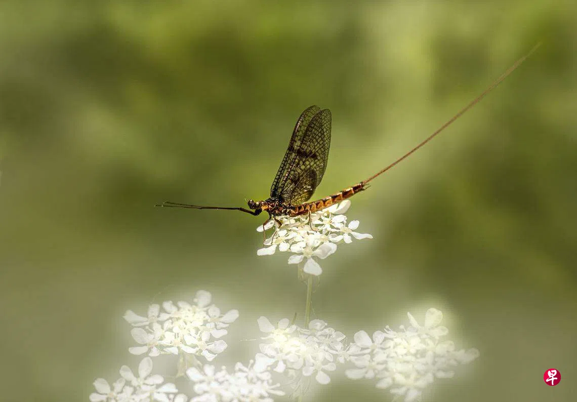 蜉蝣在出生的第一天就遇见了一只活了近百年的鹤。
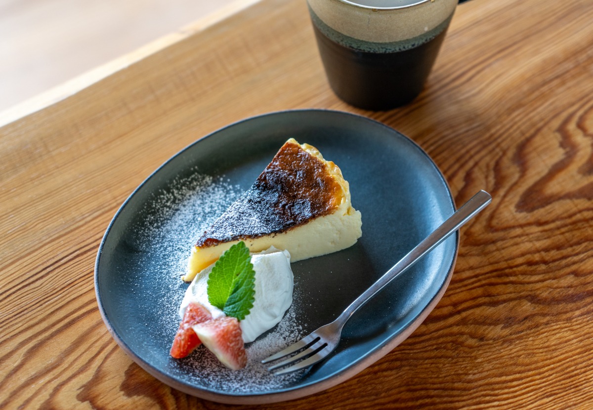 自家製のスイーツもおすすめ。「ラム酒香るバスク風チーズケーキ(500円)」のほか、ガトーショコラや季節のタルト、パフェなどメニュー豊富です。食後に追加オーダーして、カフェタイムを楽しむ人も多いそう。また、自家栽培の黒豆きなこ、無農薬オレンジなどを使ったパウンドケーキやクッキーも人気で、購入のみもOKです。※ドリンク、焼菓子はテイクアウト可。
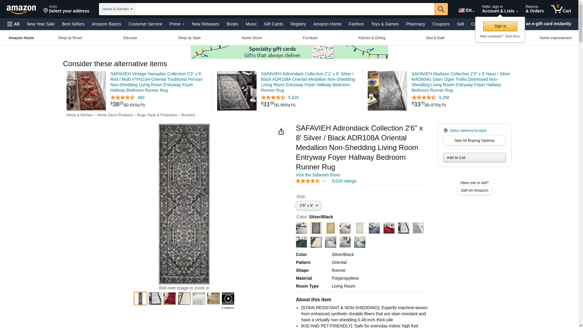 Safavieh ADR108A-28 2 ft.-6 in. x 8 ft. Runner Casual Adirondack, Silver and Black Power Loomed Rug
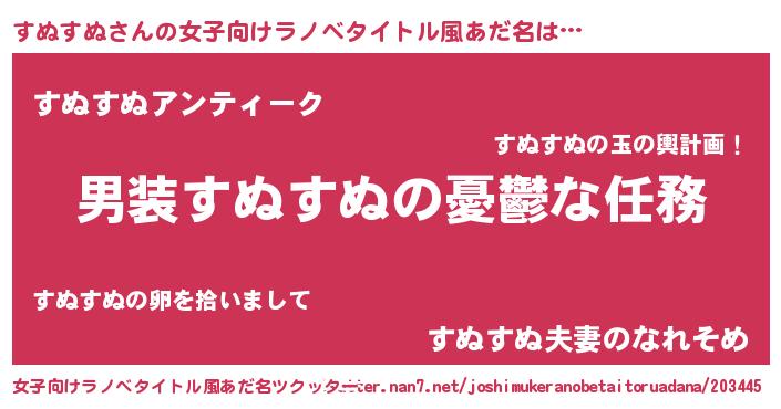 | 男性向けラノベタイトル風あだ名 | 『冴えないすぬすぬの育てかた』 |
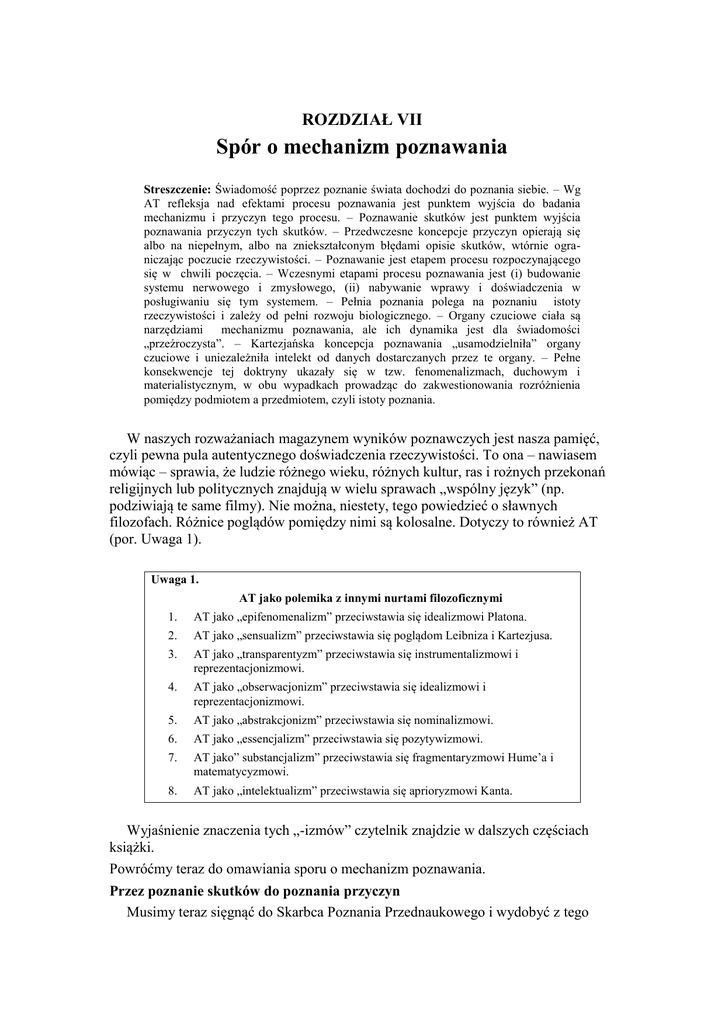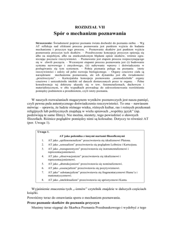 ROZDZIAŁ VII Spór o mechanizm poznawania Streszczenie: Świadomość poprzez poznanie świata dochodzi do poznania siebie. – Wg AT refleksja nad efektami procesu poznawania jest punktem wyjścia do badania mechanizmu i przyczyn tego procesu. – Poznawanie skutków jest punktem wyjścia poznawania przyczyn tych skutków. – Przedwczesne koncepcje przyczyn opierają się albo na niepełnym, albo na zniekształconym błędami opisie skutków, wtórnie ograniczając poczucie rzeczywistości. – Poznawanie jest etapem procesu rozpoczynającego się w chwili poczęcia. – Wczesnymi etapami procesu poznawania jest (i) budowanie systemu nerwowego i zmysłowego, (ii) nabywanie wprawy i doświadczenia w posługiwaniu się tym systemem. – Pełnia poznania polega na poznaniu istoty rzeczywistości i zależy od pełni rozwoju biologicznego. – Organy czuciowe ciała są narzędziami mechanizmu poznawania, ale ich dynamika jest dla świadomości „przeźroczysta”. – Kartezjańska koncepcja poznawania „usamodzielniła” organy czuciowe i uniezależniła intelekt od danych dostarczanych przez te organy. – Pełne konsekwencje tej doktryny ukazały się w tzw. fenomenalizmach, duchowym i materialistycznym, w obu wypadkach prowadząc do zakwestionowania rozróżnienia pomiędzy podmiotem a przedmiotem, czyli istoty poznania. W naszych rozważaniach magazynem wyników poznawczych jest nasza pamięć, czyli pewna pula autentycznego doświadczenia rzeczywistości. To ona – nawiasem mówiąc – sprawia, że ludzie różnego wieku, różnych kultur, ras i rożnych przekonań religijnych lub politycznych znajdują w wielu sprawach „wspólny język” (np. podziwiają te same filmy). Nie można, niestety, tego powiedzieć o sławnych filozofach. Różnice poglądów pomiędzy nimi są kolosalne. Dotyczy to również AT (por. Uwaga 1). Uwaga 1. AT jako polemika z innymi nurtami filozoficznymi 1. AT jako „epifenomenalizm” przeciwstawia się idealizmowi Platona. 2. AT jako „sensualizm” przeciwstawia się poglądom Leibniza i Kartezjusa. 3. AT jako „transparentyzm” przeciwstawia się instrumentalizmowi i reprezentacjonizmowi. 4. AT jako „obserwacjonizm” przeciwstawia się idealizmowi i reprezentacjonizmowi. 5. AT jako „abstrakcjonizm” przeciwstawia się nominalizmowi. 6. AT jako „essencjalizm” przeciwstawia się pozytywizmowi. 7. AT jako” substancjalizm” przeciwstawia się fragmentaryzmowi Hume’a i matematycyzmowi. 8. AT jako „intelektualizm” przeciwstawia się aprioryzmowi Kanta. Wyjaśnienie znaczenia tych „-izmów” czytelnik znajdzie w dalszych częściach książki. Powróćmy teraz do omawiania sporu o mechanizm poznawania. Przez poznanie skutków do poznania przyczyn Musimy teraz sięgnąć do Skarbca Poznania Przednaukowego i wydobyć z tego Skarbca oczywistą dla dziecka prawdę, że łatwiej poznać skutki niż przyczyny. Łatwiej poznać, że drzewo zostało złamane, niż poznać przyczynę tego złamania – czy była to wichura, czy działalność człowieka, szympansa, czy żubra. Łatwiej poznać, że ulica jest mokra, niż poznać przyczynę tego faktu – deszcz, polewaczka … itp. Chociaż myśląc i „coś kombinując” widzę to, co mi do głowy przychodzi”, nie za bardzo rozumiem, dlaczego taki a nie inny jest tok moich myśli. Wielu uczonych nagle zdało sobie sprawę z tego, że jasno rozumieją coś, co dotychczas było dla nich niejasne. Ale który potrafiłby precyzyjnie, krok za krokiem zdać sobie sprawę z tego, jakim cudem rzecz się wyjaśniła? Klasycznym tego przykładem jest odkrycie przez niemieckiego chemika Friedricha Augusta Kekulé von Stradonitz (1829-1896) pierścieniowej struktury benzenu. Przez ok. 40 lat uczeni nie mogli wyjaśnić chemicznej natury związku, który składał się z sześciu atomów węgla, ale miał właściwości bardzo nietypowe. Kekulému (1865), po długim okresie głowienia się nad tym problemem, którejś nocy przyśnił się wąż, który połykał swój ogon. Uczony obudził się i nagle zrozumiał, że te sześć atomów benzenu tworzy zamknięty pierścień z naprzemiennymi pojedynczymi i podwójnymi wiązaniami węgiel-węgiel. Sądzę, że do końca świata nikt precyzyjnie nie zrekonstruuje procesu, który doprowadził do tego odkrycia. Sam uczony tak opisywał swoje odkrycie (cyt. za: Andrzej Wróblewski. Taniec atomów. „Wiedza i Życie”, s. 65, sierpień 2009): „Pewnego letniego dnia powracałem ostatnim omnibusem przez puste w tym czasie ulice tego zwykle ożywionego miasta [Londynu]. Zatonąłem w marzeniach i przed moimi oczami zaczęły krążyć atomy. Zawsze widziałem te małe twory w ruchu. Teraz widziałem, jak dwa mniejsze łączą się ze sobą w pary, jak większe otaczają dwa mniejsze, a jeszcze większe utrzymywały to wszystko w zawrotnym tańcu. Widziałem, jak większe atomy tworzyły łańcuch, wciągając mniejsze, ale tylko na końcach łańcucha (...). Tak powstała teoria strukturowa.” I kolejny opis snu: „Odwróciłem krzesło do kominka i pogrążyłem się w półśnie. Znowu atomy harcowały przed moimi oczami. Tym razem mniejsze grupy trzymały się skromnie z tyłu. Moje duchowe oko, wyostrzone przez powtarzające się podobne wizje, rozróżniło teraz większe twory o różnorodnym kształcie. Długie szeregi, kilkakrotnie ściśle ze sobą złączone, wszystko w ruchu, wijące się wężowato i skręcające się. Patrzę, co się stało? Jeden z węży chwycił swój własny ogon i szyderczo kręcił się przed moimi oczami. Obudziłem się jak rażony piorunem i resztę nocy spędziłem na rozpracowywaniu wniosków z tej hipotezy.” Powody tej dziwnej, choć oczywiście prawdziwej zasady Pierwszeństwa Poznania Skutków, są bardzo skomplikowane. Jednym z powodów jest fakt, że przyczyny są znacznie bardziej złożone niż skutki. Na przykład wyniki działania jakiegoś wydawnictwa obserwujemy w księgarniach i bibliotekach b
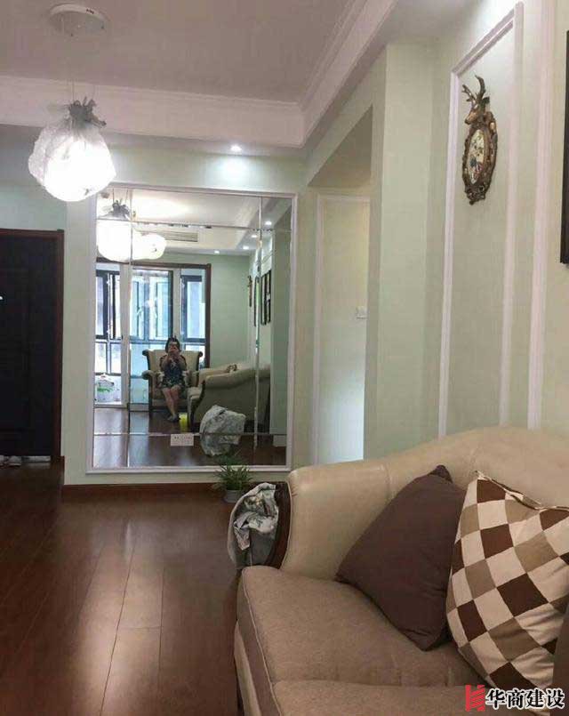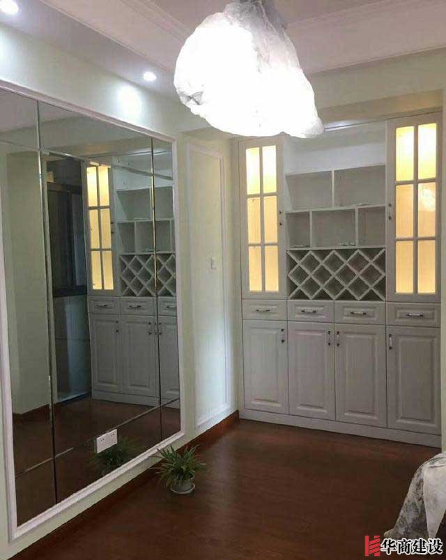 這邊是餐廳,做了一個(gè)酒柜,顯得特別大氣,而且還可以提供非常充足的收納空間,也很大氣。做了鏡子背景墻,通過鏡子的反射,顯得室內(nèi)空間比較寬敞,沒有那么擁擠的感覺。餐桌我們打算買方形的。頂面吊燈已經(jīng)保護(hù)著,這樣子就不會(huì)擠壓灰塵啦。
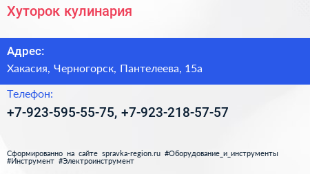 Хуторок, кулинария по адресу Хакасия, Черногорск, Пантелеева, 15а в дальнейшем Организация, размещена в следующих категориях:
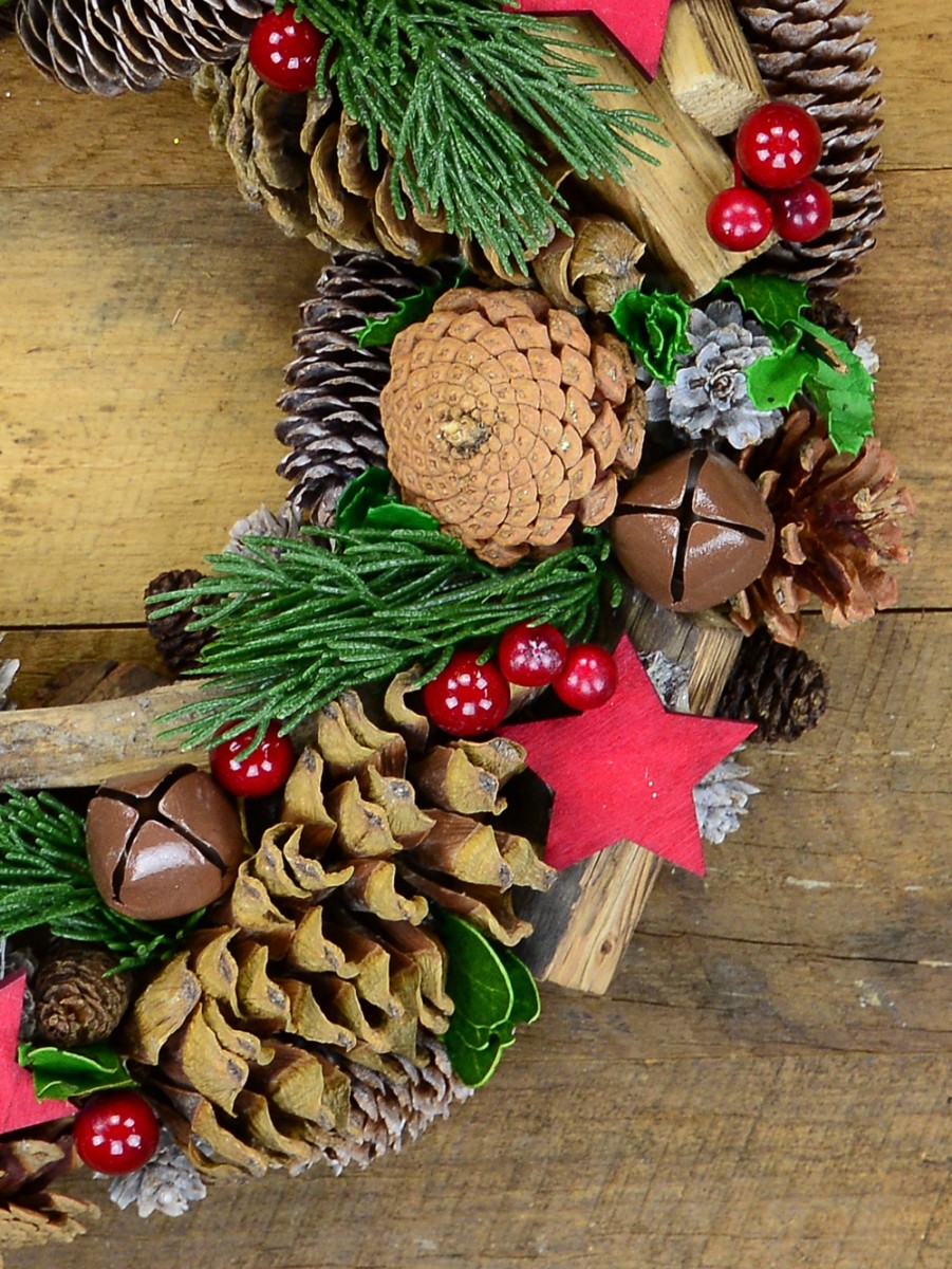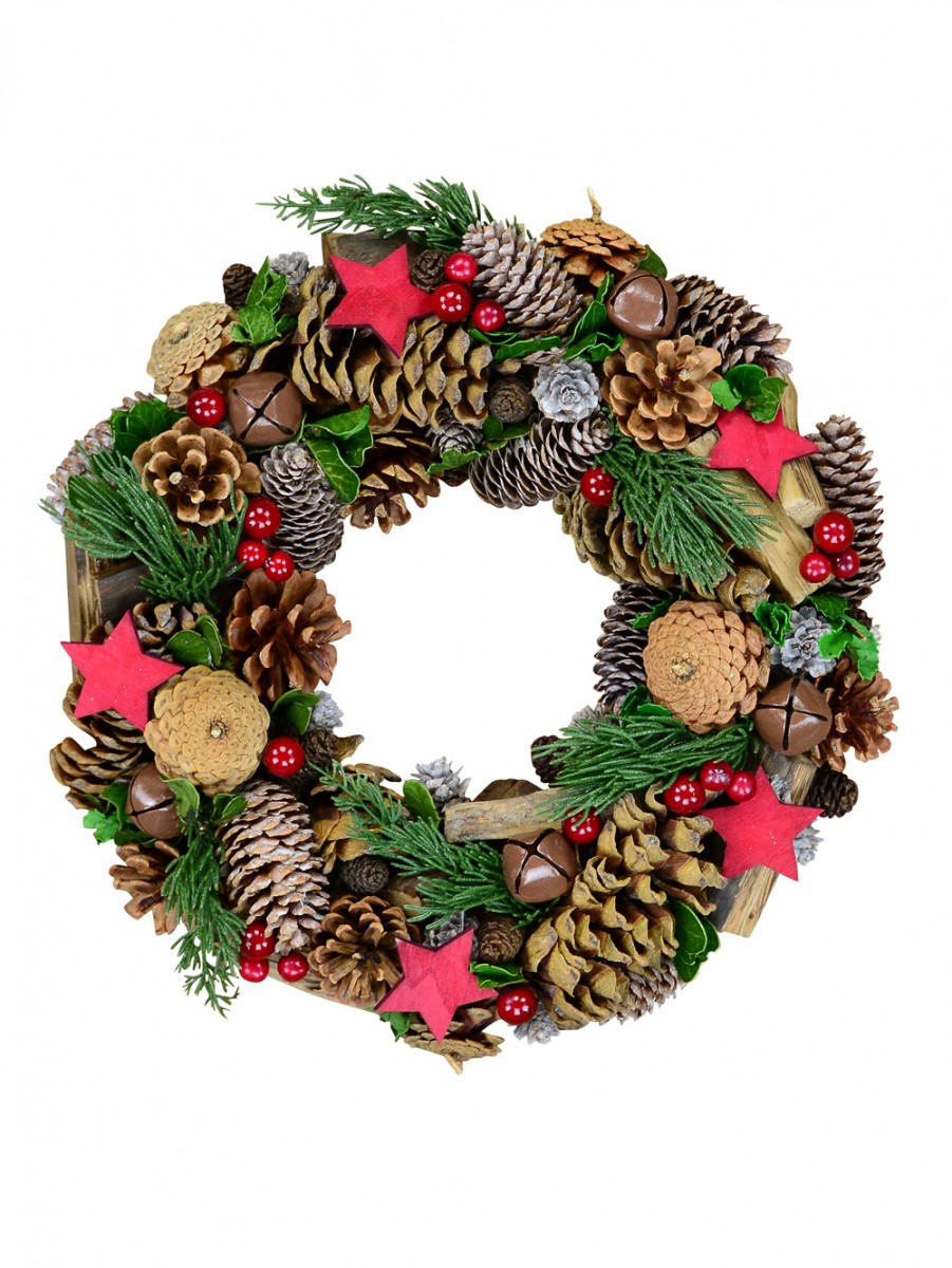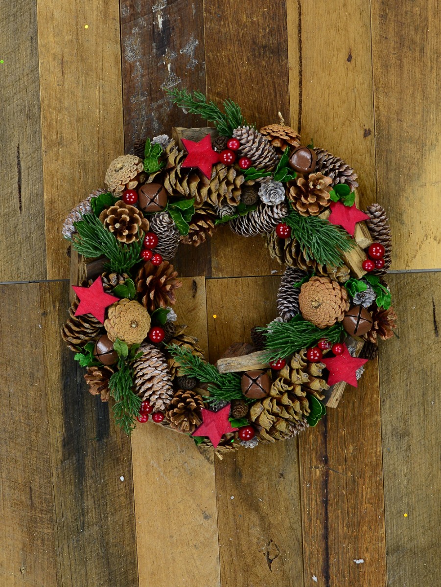 Bring in the beauty of natural forest environment into your home, shop, store, office and environs when you decorate these places with this charming Natural Forest Wreath Decoration With Various Pine Cones, Stars, Wood Chunks, Berries & Bells. It is a forest focused floral wreath wreathed using forest obtainable items except for the included bells.

********************

### [What you are asked to do]
The answer is the lines above, word for word, from the first one through the one containing "男性向けラノベタイトル風あだ名 | 『冴えないすぬすぬの育てかた』 |"; it includes no pictures.

### [Response]
 蜉蝣在出生的第一天就遇见了一只活了近百年的鹤。
 自家製のスイーツもおすすめ。「ラム酒香るバスク風チーズケーキ(500円)」のほか、ガトーショコラや季節のタルト、パフェなどメニュー豊富です。食後に追加オーダーして、カフェタイムを楽しむ人も多いそう。また、自家栽培の黒豆きなこ、無農薬オレンジなどを使ったパウンドケーキやクッキーも人気で、購入のみもOKです。※ドリンク、焼菓子はテイクアウト可。
 Safavieh ADR108A-28 2 ft.-6 in. x 8 ft. Runner Casual Adirondack, Silver and Black Power Loomed Rug
 | 男性向けラノベタイトル風あだ名 | 『冴えないすぬすぬの育てかた』 |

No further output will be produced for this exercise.